### Task objective
What you return should match the material below line for line, except that no image appears in it.

Dataset content START

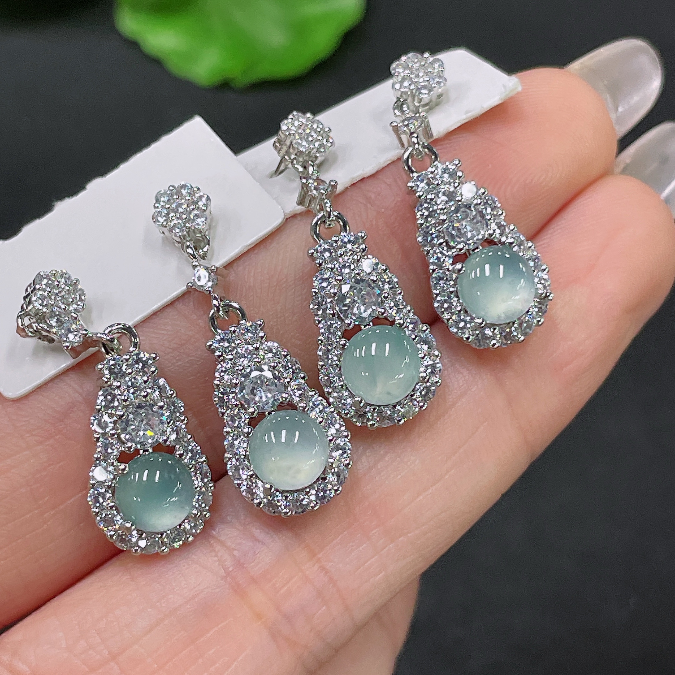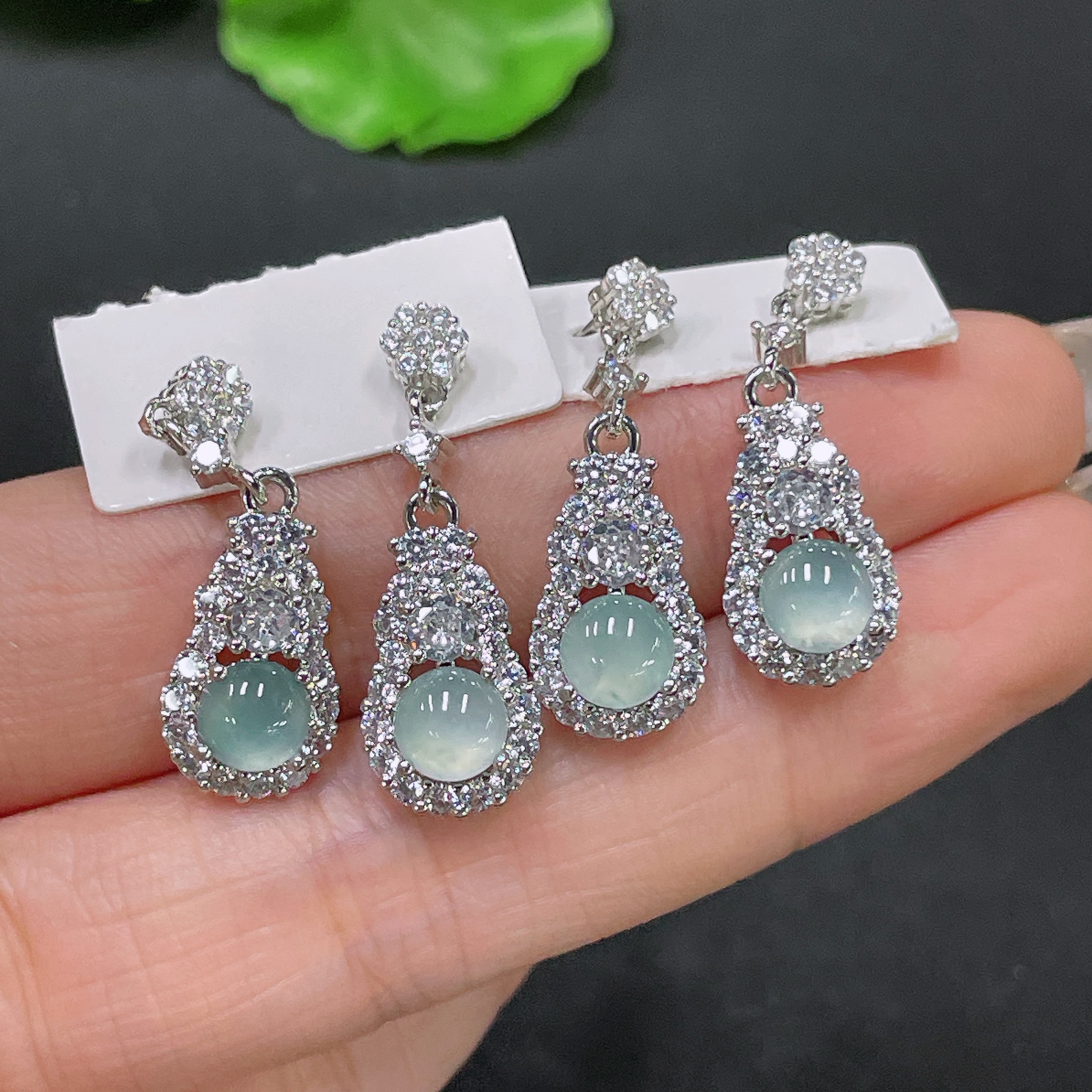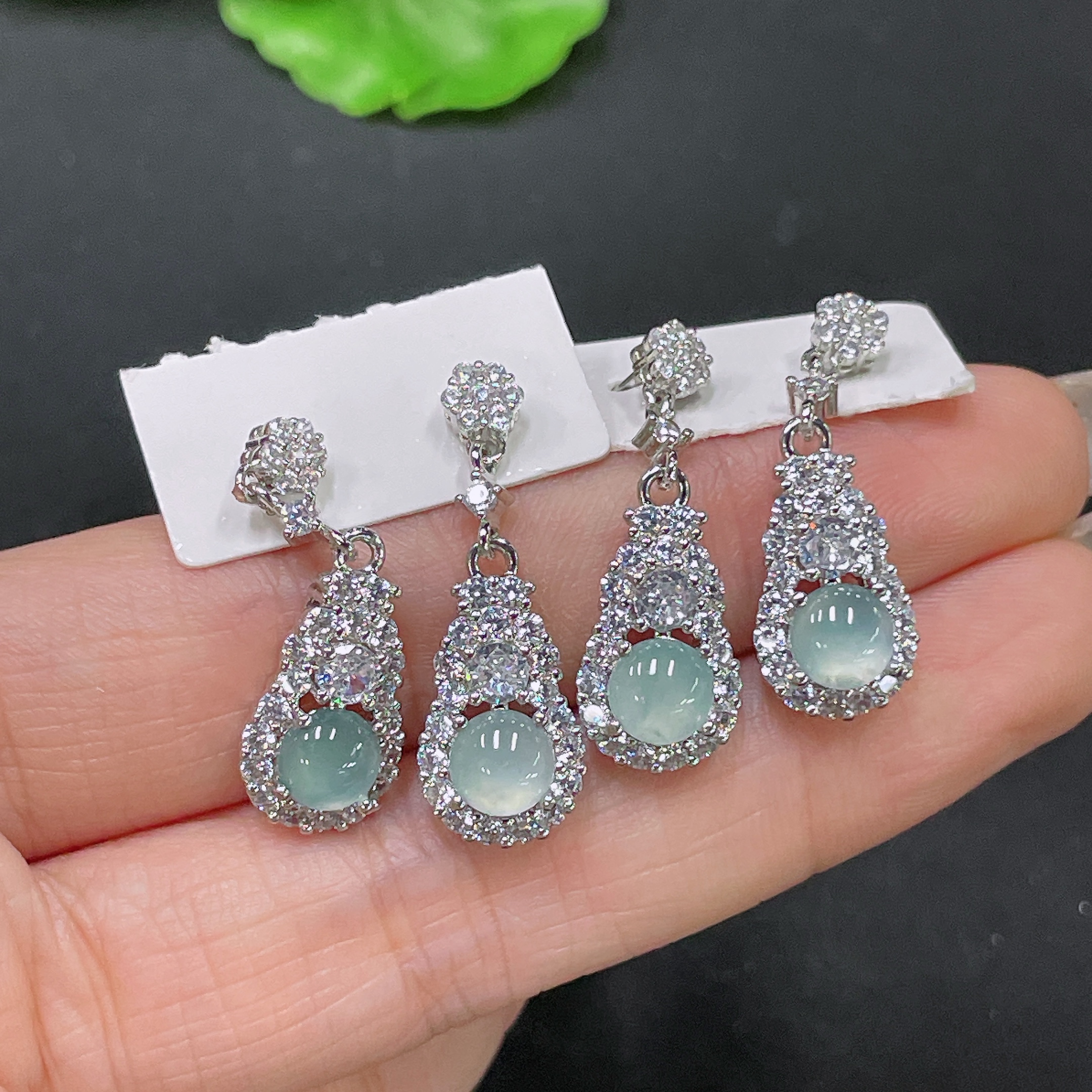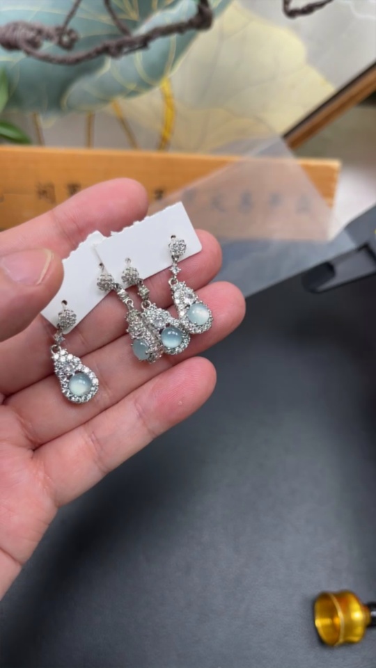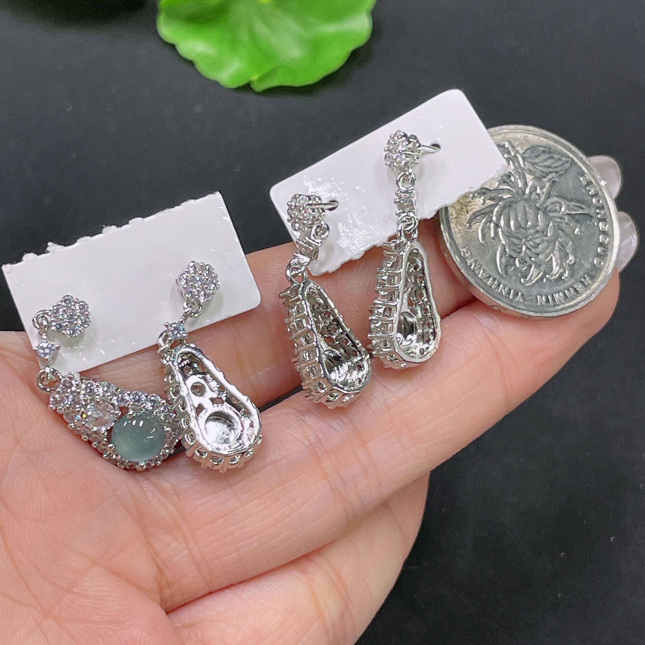 Jadeite inlaid earrings non-gold
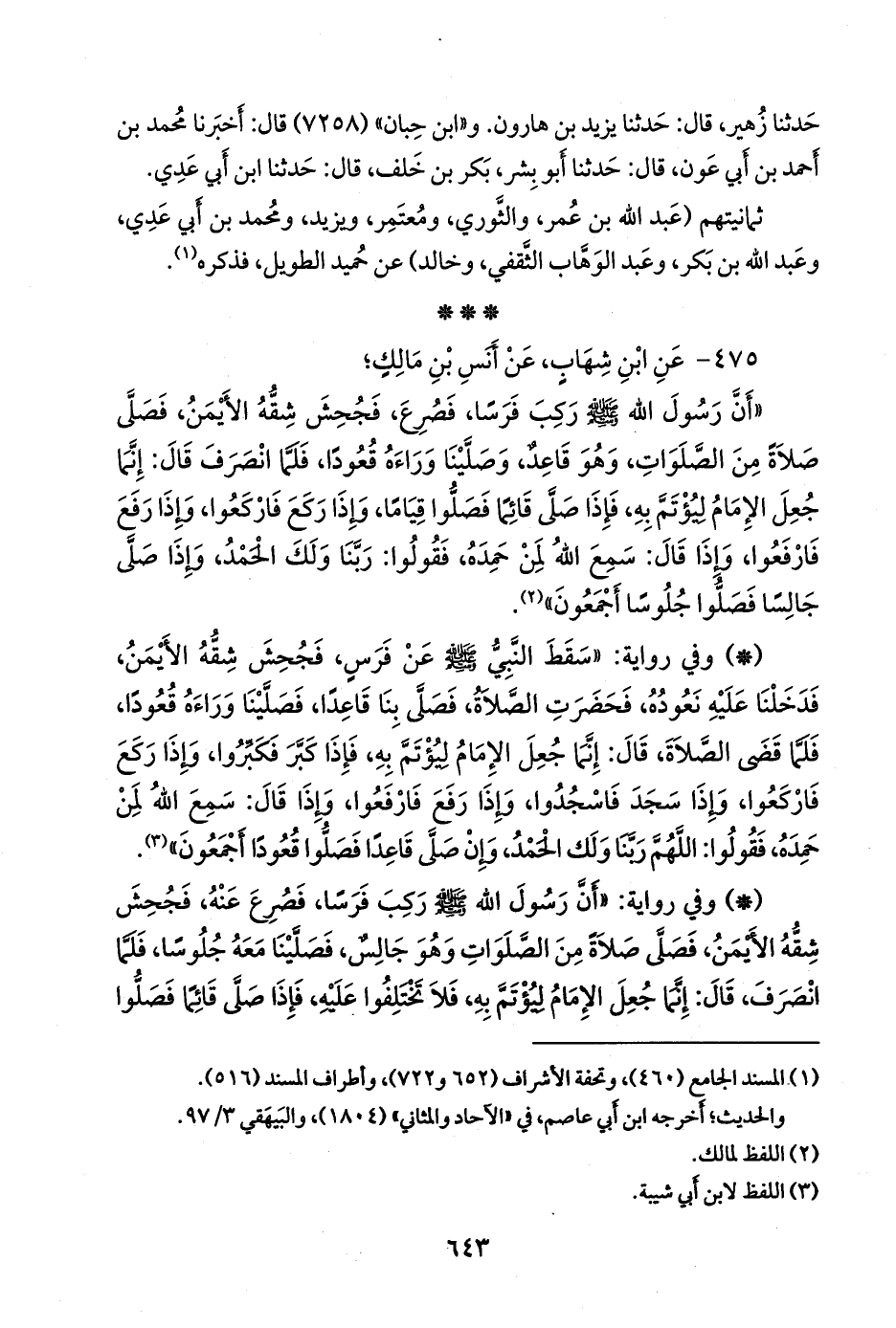 ٤٧٥ - عن ابن شهاب، عن أَنس بن مالك؛
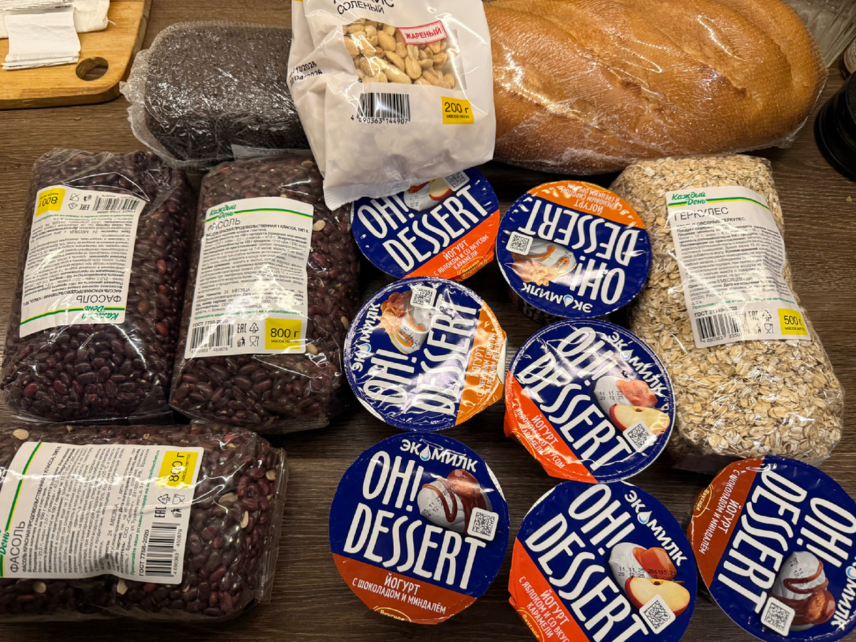 После того, как красный банк щедрой рукой выдал мне кэшбэк 5 % на продукты, я отправилась за покупками: В моих планах максимально пополнить свои продуктовые запасы с расчетом, чтобы хватило как минимум на 3 месяца: ноябрь, декабрь, январь. Начала я с Ашана, причем решила поставить эксперимент: взять презираемую в на Патриках собственную продукцию магазина: "Каждый день" и "Красная птица". Более того, я хочу сравнить в виде независимого эксперимента качество молока. "Авида" я люблю, это моя любимая молочная марка. "Каждый день" имеет хорошие отзывы на сайте, поэтому я решила взять и сравнить, причем не самой, а сделать для студентов слепую дегустацию. Пусть они выскажут свое непредвзятое мнение)). И так, я купила: Хлеб и батон из собственной пекарни, йогурты - новинка по приятной цене, овсянку - 2 упаковки и три упаковки красной фасоли. Она, кстати, оказалась дешевле, чем в Метро СС. Горошек Бондюель, фасоль консервированная "Каждый день", упаковку пшена и 2 упаковки манки, причем одну

Dataset content END

### Response area
 Jadeite inlaid earrings non-gold
 ٤٧٥ - عن ابن شهاب، عن أَنس بن مالك؛
 После того, как красный банк щедрой рукой выдал мне кэшбэк 5 % на продукты, я отправилась за покупками: В моих планах максимально пополнить свои продуктовые запасы с расчетом, чтобы хватило как минимум на 3 месяца: ноябрь, декабрь, январь. Начала я с Ашана, причем решила поставить эксперимент: взять презираемую в на Патриках собственную продукцию магазина: "Каждый день" и "Красная птица". Более того, я хочу сравнить в виде независимого эксперимента качество молока. "Авида" я люблю, это моя любимая молочная марка. "Каждый день" имеет хорошие отзывы на сайте, поэтому я решила взять и сравнить, причем не самой, а сделать для студентов слепую дегустацию. Пусть они выскажут свое непредвзятое мнение)). И так, я купила: Хлеб и батон из собственной пекарни, йогурты - новинка по приятной цене, овсянку - 2 упаковки и три упаковки красной фасоли. Она, кстати, оказалась дешевле, чем в Метро СС. Горошек Бондюель, фасоль консервированная "Каждый день", упаковку пшена и 2 упаковки манки, причем одну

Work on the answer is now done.